**Available data**.
──────────
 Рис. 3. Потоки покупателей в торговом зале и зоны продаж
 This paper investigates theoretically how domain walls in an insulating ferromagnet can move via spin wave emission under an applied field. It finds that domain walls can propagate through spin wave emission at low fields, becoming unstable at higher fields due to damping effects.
──────────
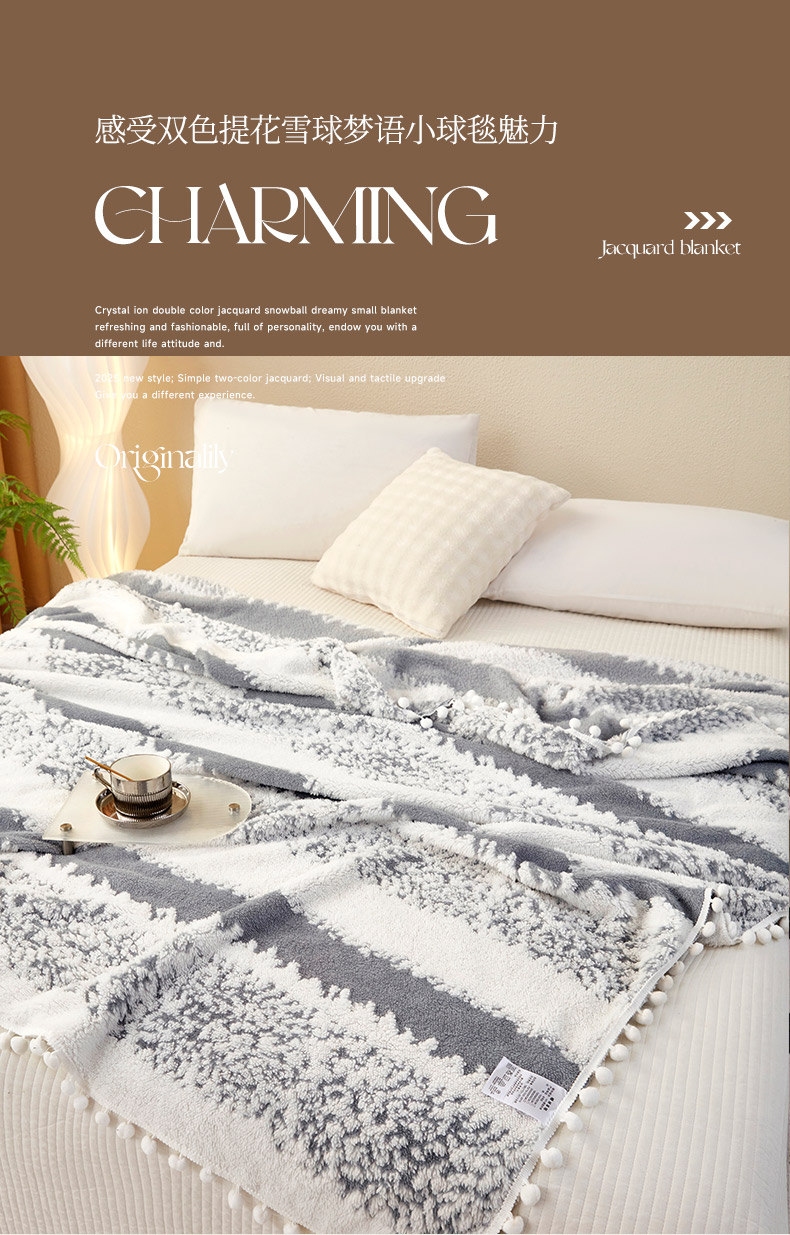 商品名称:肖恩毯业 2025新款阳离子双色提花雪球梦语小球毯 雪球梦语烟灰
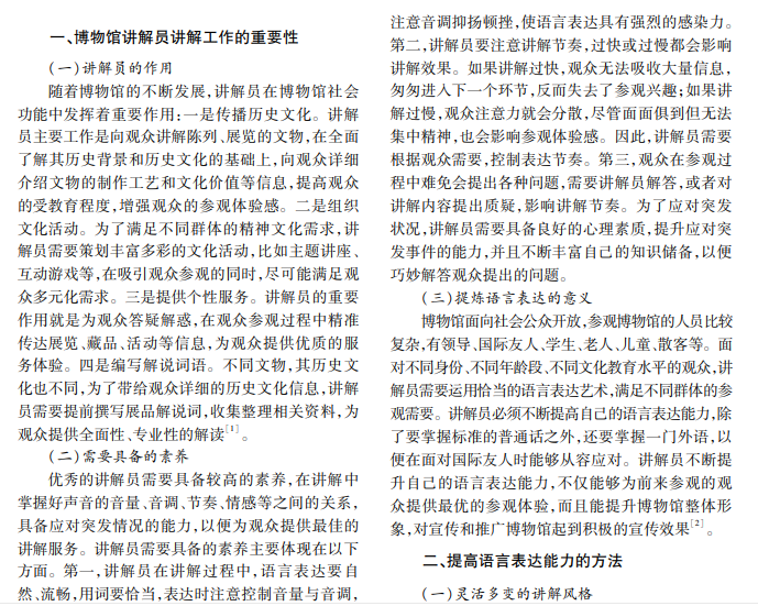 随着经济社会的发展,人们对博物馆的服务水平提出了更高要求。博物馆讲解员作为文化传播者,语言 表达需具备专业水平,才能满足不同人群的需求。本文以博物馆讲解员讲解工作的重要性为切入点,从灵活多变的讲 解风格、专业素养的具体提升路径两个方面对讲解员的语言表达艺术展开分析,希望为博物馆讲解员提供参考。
──────────
**Task requirements**.
What you return should be exactly the lines above, starting at the one with "Рис. 3. Потоки" and ending at the one with "This paper investigates", and nothing else.

**Task output**.
 Рис. 3. Потоки покупателей в торговом зале и зоны продаж
 This paper investigates theoretically how domain walls in an insulating ferromagnet can move via spin wave emission under an applied field. It finds that domain walls can propagate through spin wave emission at low fields, becoming unstable at higher fields due to damping effects.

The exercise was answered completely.